Were the OPS comparisons adjusted? Any baseball fan can tell you that the game as it’s played in the 21st century is a lot more slugging-oriented than the game played in the 1920s, steroids or no steroids. Changes to the rules, or to the equipment, or to the typical baseball park have made long-term differences in the game’s statistics which need to be compensated for to make any meaningful comparison.
Not only that, but how much of that increase in performance is attributable to advances in medical science unrelated to steroids? Modern training techniques and nutritional regimens, to say nothing of the array of surgeries which allow older hitters to recover from what may have been crippling injuries several generations ago.
Not only that, but why is an increase in offense prima facie evidence of steroid abuse? Last I checked, pitchers as well as hitters can and do frequently take advantage of illicit performance-enhancing drugs.
It distorts the game by crowding out players who value their long-term health.

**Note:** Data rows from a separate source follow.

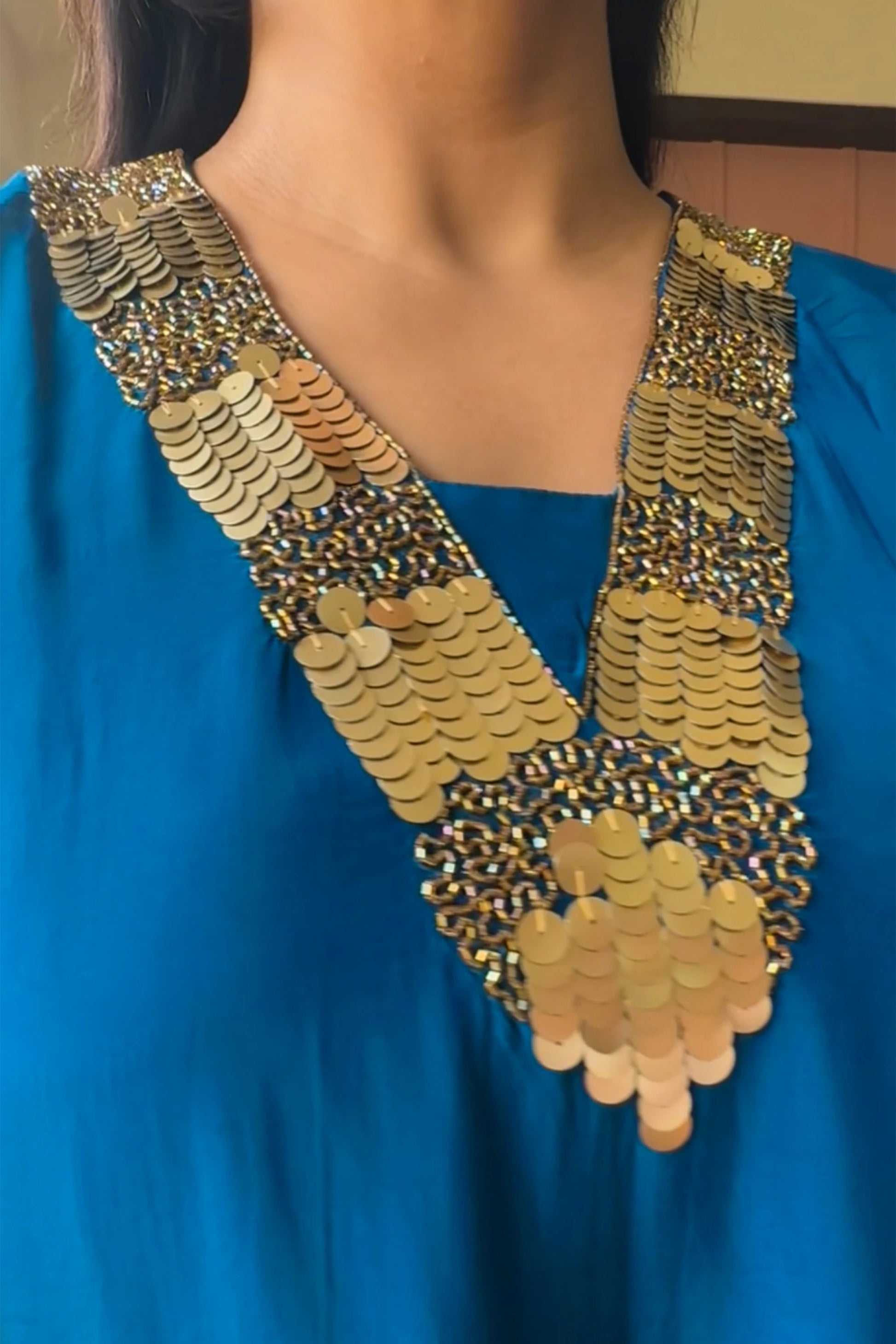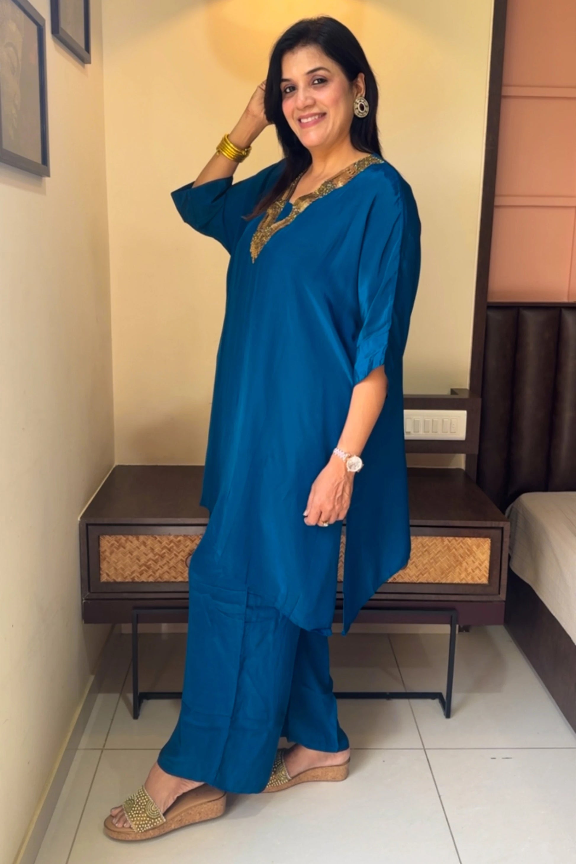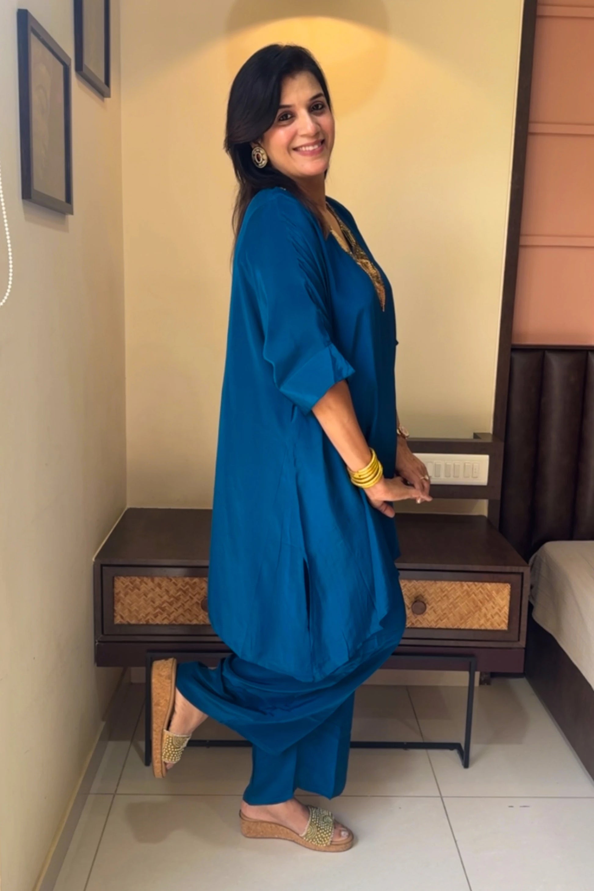 Teal Blue Tale Cut Co-ord Set | Premium Crepe | Sequins & Thread Embroidery
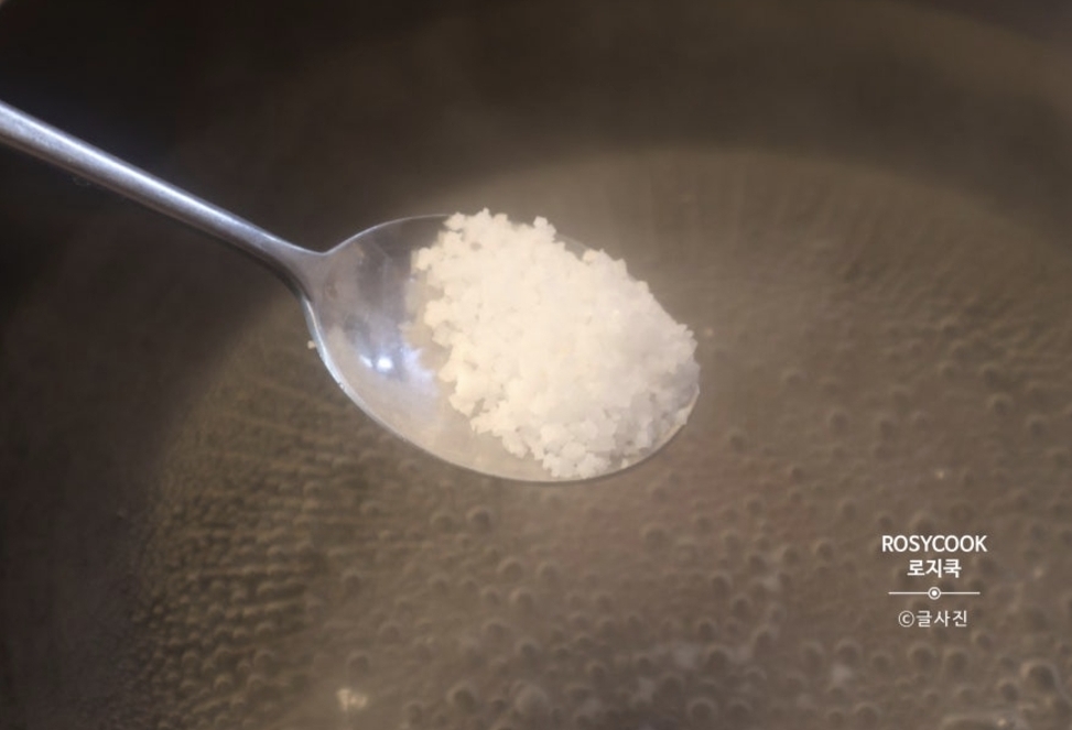 끓는 물에 소금 1/2 큰 술을 넣어주세요. 이게 나물 색을 예쁘게 살려주는 역할을 해요.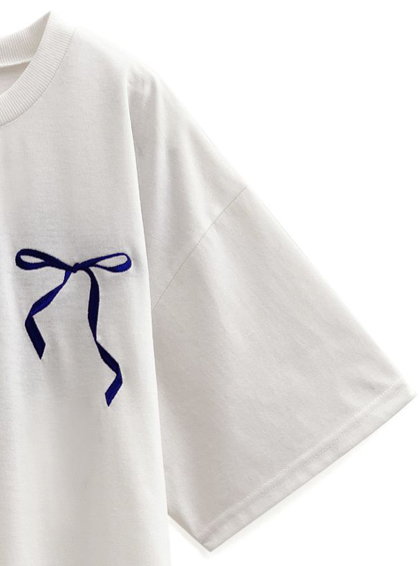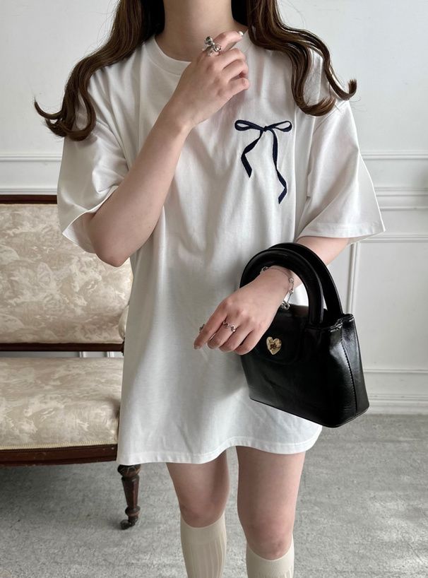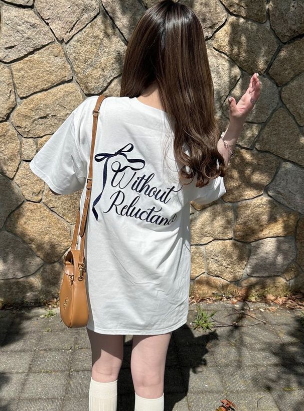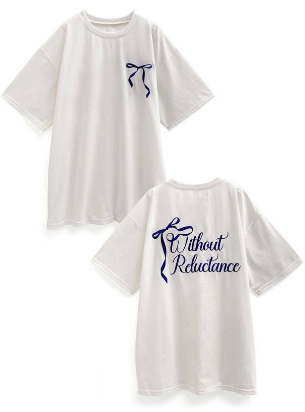 • 品名:背後絲帶印花休閒長版T恤

The only guy I knew from school days who made it into the pros played with the great Steelers teams of the 70s. Steroids or not, and in his case the answer is almost certainly not, when I saw him at a high school reunion several years ago he was hobbled, walking like a man some twenty or thirty years older, his knees probably shot from his high school, college and half dozen pro years. Oh, and in those days the NFL salaries and pension benefits were peanuts.
So let’s cut the crap about players who value their long term health, huh?
What Bingo said. It would be amusing when the anything goes leagues become more popular than the puritan kiddie leagues. I want Nascar style advertising too. Well, maybe not that much – more like Jim McMahon tried to get away with.
So let’s cut the crap about players who value their long term health, huh?
Does anybody believe that Muhammed Ali’s medical problems are unrelated to those three wars with Joe Frazier? A survey of Olympic hopefuls I came across years ago, asked [paraphrasing here] “If you could take a drug that got you a gold medal, but you knew would kill you at age 50, would you”? More that 50% said yes.